Harry’s jaw dropped, and it was some moments before he could respond.

‘Well, if that don’t beat all! In all this sorry mess, Mary, at least he is going off to the other side of the Atlantic Ocean to trap beavers or whatever. He cannot do any more harm from there.’

‘True.’ She paused for a moment. ‘I do not suppose I should tell you, since you will no doubt sit as a magistrate as your father did, but I am a thief.’

‘You?’16

‘Yes. When I heard who was buying the house and its contents, please note, I had the writing table from the green saloon brought over here, and the portrait of Grandmama that hung in the morning room. And I also brought Sir Robert and the Lady Elizabeth. I thought if they had to see a Risley living in the house they might haunt it, and I was none too sure Lord Cradley would not have had them burnt, as final proof of victory. I replaced Sir Robert with a still life that had been in the attic for years.’
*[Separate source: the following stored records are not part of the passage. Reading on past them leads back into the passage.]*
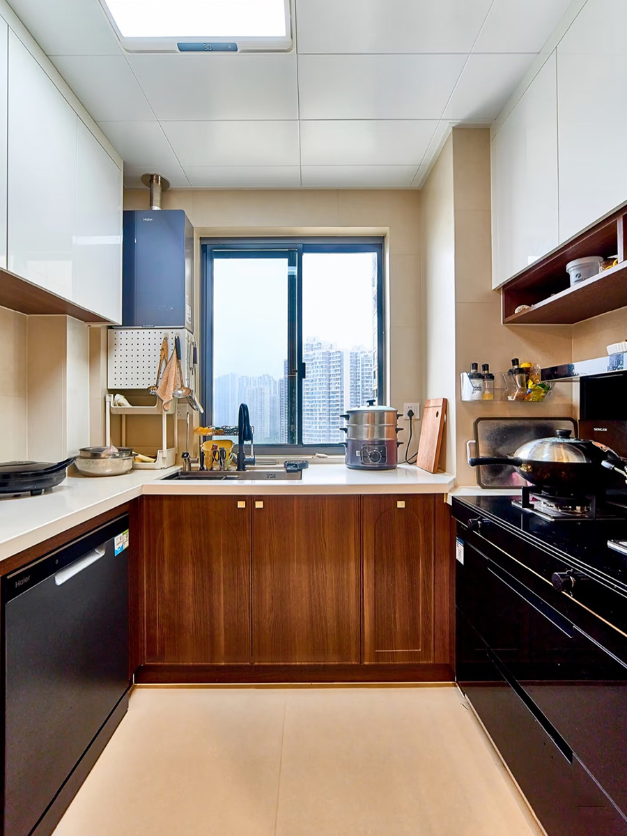 陽臺大膽加入圓弧拱門和廚房黑色玻璃推拉門,更加有復古調(diào)性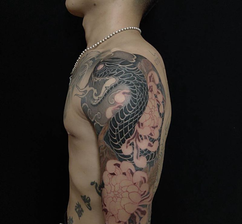 当前位置: 首页 >广东省惠州市纹身店-惠州山海刺青纹身工作室纹身图案>老传统蛇纹身图片_手臂老传统蛇菊花日式纹身图案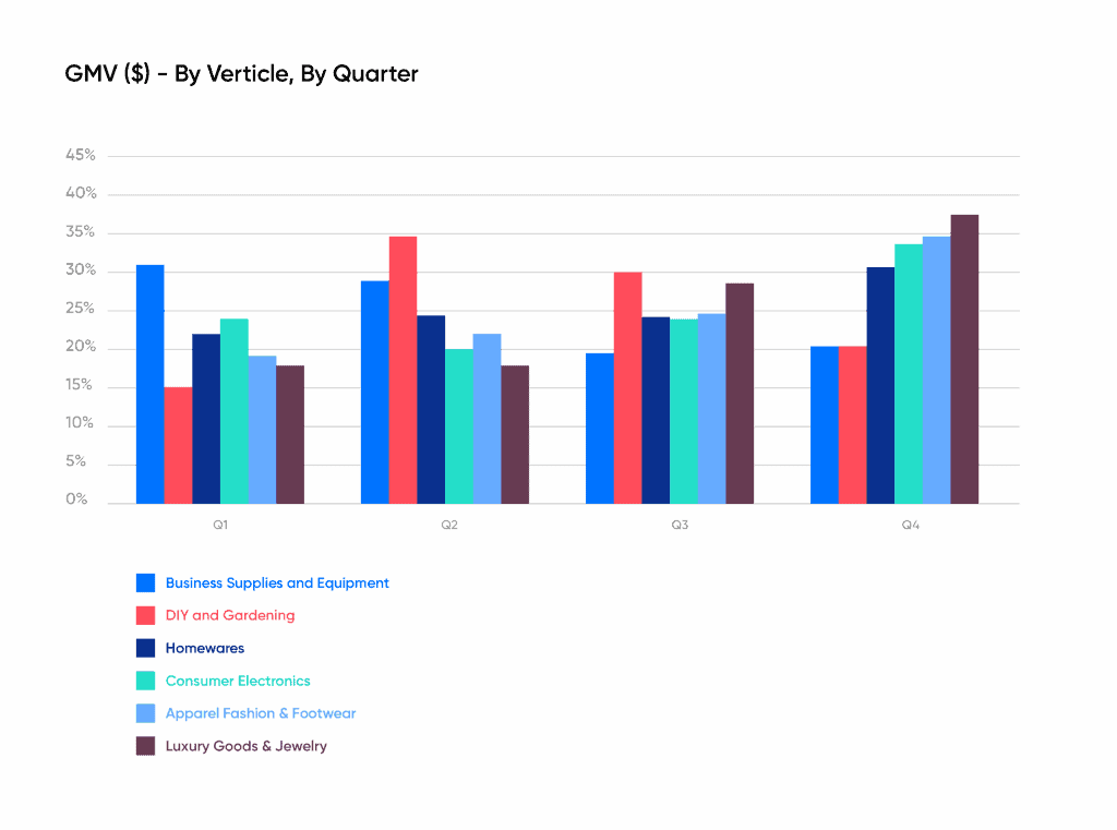 The importance of end of year sales varies significantly when the data is split by different verticals. For Homewares, Consumer Electronics, Apparel Fashion and Footwear, and Luxury Goods and Jewelry, Q4 represents more than 30% of total annual sales and, with the exception of Homewares, the quarter accounted for more than one-third of total activity in 2017.

‘Well, then that is not theft but rescue.’

‘You may shortly be on the bench, Harry, but your grasp of law is …’

‘Tenuous? Not really. But look at it this way. Cradley is not going to use a lady’s writing table, loathed your grandmama, and might indeed have committed your ancestral portraits to the flames. He has not been deprived of anything he would miss, and they are your ancestors.’ He smiled.

‘Bless you,’ Mary smiled at him, but it wavered. ‘I keep thinking this is all just a nightmare, but it is not. I cannot forgive Edmund. He did not even bother to see if anyone else would offer for the estate, and took Lord Cradley’s frankly insulting offer as if it were manna from heaven. I would have been so ashamed if I had brought us to such a pass, that I would rather have drowned myself in the lake.’

‘Has Cradley strutted about the place yet?’

‘I believe he came over once it was all legal and final,17and sneered at everything before having it shut up. He even turned off most of the servants. That was about ten days ago. I cannot think what he would wish to do with the house, though it is far nicer than his own. For all that I complain of bad husbandry, his land is good, though no doubt he will increase the rents and take what he can from ours. He did send a very formal letter to Mama, expressly forbidding “trespass etc.”, by which he very clearly meant me walking the grounds, let alone fishing. It is not as though he fishes himself, either.’

‘You will miss that. Though it goes without saying that you can come over and try your luck on our beat of the river any time you wish.’

‘I warn you, Harry, if I do, I will be striving to catch our dinner. Just think of the economy if I could avoid us having to buy fish.’

Lady Damerham was quite surprised to re-enter the room to find them laughing, and looked from one to the other. Since she did not like seeing people unhappy she did not complain.

‘Here you are, Harry. It was just where I thought it was … at least the place where I thought it was after it was not where I first thought it was.’ She held out a piece of paper, upon which the recipe was written in her neat, rounded hand.